Hybrid twins for materials processing: combining physics-based simulations and data-driven models
Presenter
December 3, 2025
Event: 59629
Abstract
The consideration of fundamental physical laws when performing machine learning predictions within the fields of materials mechanics and processing of large-scale complex systems, can reduce errors and enhance generalization. While physics-based models contain assumptions and simplifications; thus, produce errors, data-driven models can demand relatively large data sets to represent fundamental relationships.

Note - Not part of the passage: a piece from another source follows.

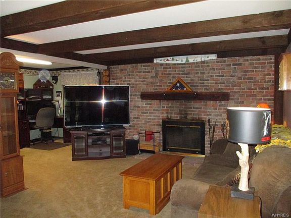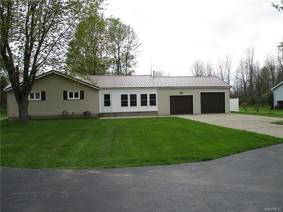 Well maintained 3 BR, 1 Full bath Ranch home on a beautiful private wooded lot. Hardwood floors under like new carpeting in Living/dining and all BR. Living room features beamed ceilings & wood burning fireplace. Formal dining room. Kitchen w/ solid surface counters & pine cabinets opens to the 30 x 16 4 season sun room that is heated w/wall furnace '15. Steel roof & Gutters '11. Newer vinyl windows. New electric Service '06- Sub panel in garage. Fiberglass entry door & Steel rear door '15. Whole house has blown in & spray foam insulation. High efficiency furnace and A/C '15. Attached 2.5 heated garage. All insulated garage doors '13. 20 x 20 carport w/ concrete floor. 20 x 40 garage w/ stone floor & electricity. 4 camera security system w/DVR monitor .
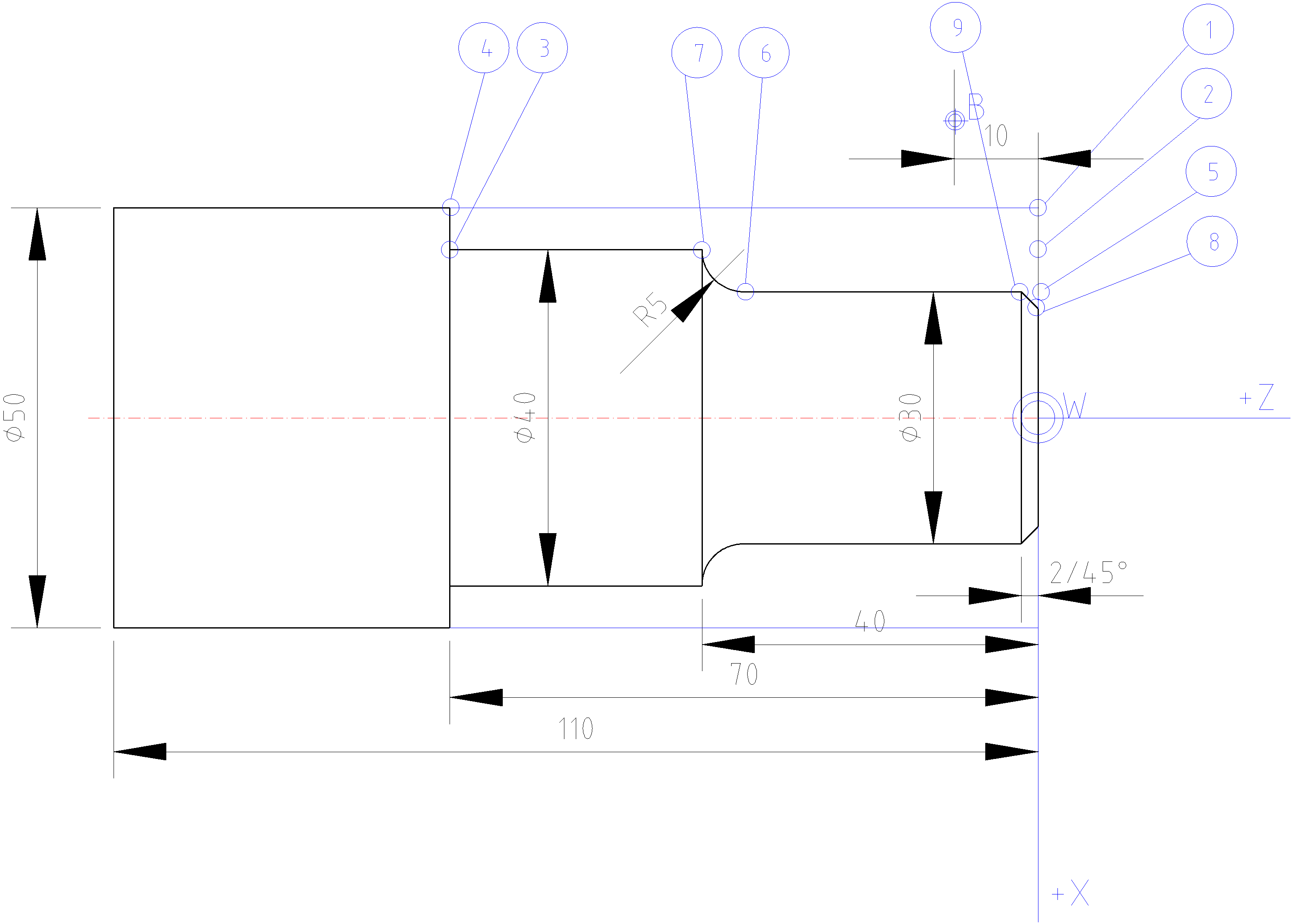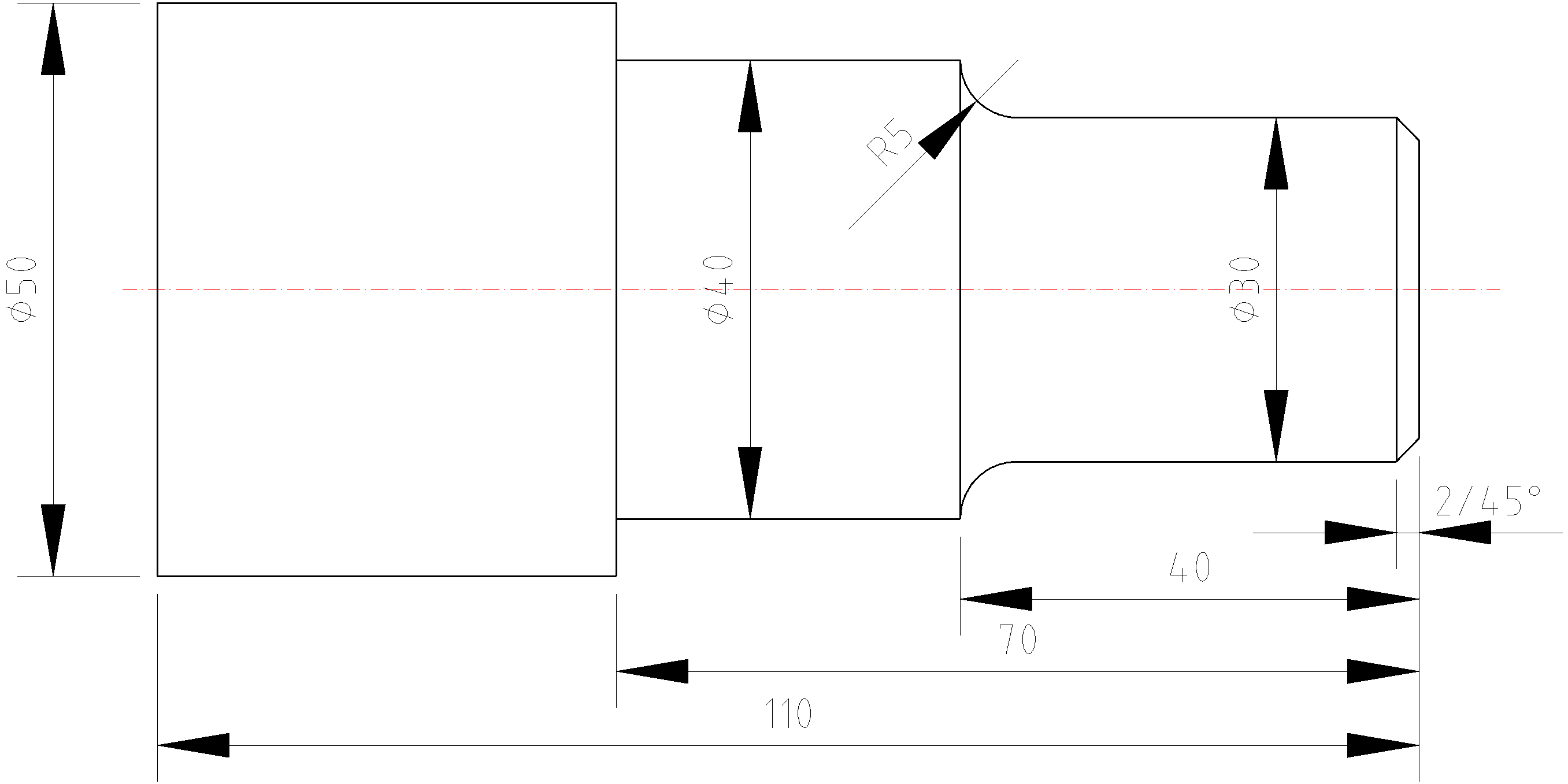 Nacrtaju tok tehnološkog procesa: Grafički prikazati sled operacija, pozicije alata, dimenzije obratka i redosled operacija (npr. tehnički crtež obratka sa označenim segmentima i alatnim putanjama).

These respective disadvantages can be compensated for via a synergistic combination of both modelling methods. A particular hybrid modeling approach is given by a physics-based model (either analytical or numerical) that is data-mined and corrected via a data-driven discrepancy model to reach the desired reference solution, in this work stemming from either experimental measurements or high-fidelity simulations. The prediction targets span from process behavior and process temperature to resulting material properties of complex processes. A number of different application examples are presented for a variety of materials processing techniques, such as Laser-Shock-Peening, a technique used for the modification of residual stresses in metallic materials; Friction Surfacing, a solid-state processing technique of metallic materials used for additive manufacturing; as well as Hot Rolling, whereby metal strips with specific geometries and mechanical properties are produced. Additionally, physics-based feature engineering via dimensionless formulations of inputs and outputs based on a dimensionality analysis according to the Buckingham Pi theorem enables the reduction of prediction scatter and allows for physical extrapolation. Generally, it is shown that the integration of physics into the data science workflow can enhance prediction performance and generalization, particularly with scarce data and to the extent of physical extrapolation.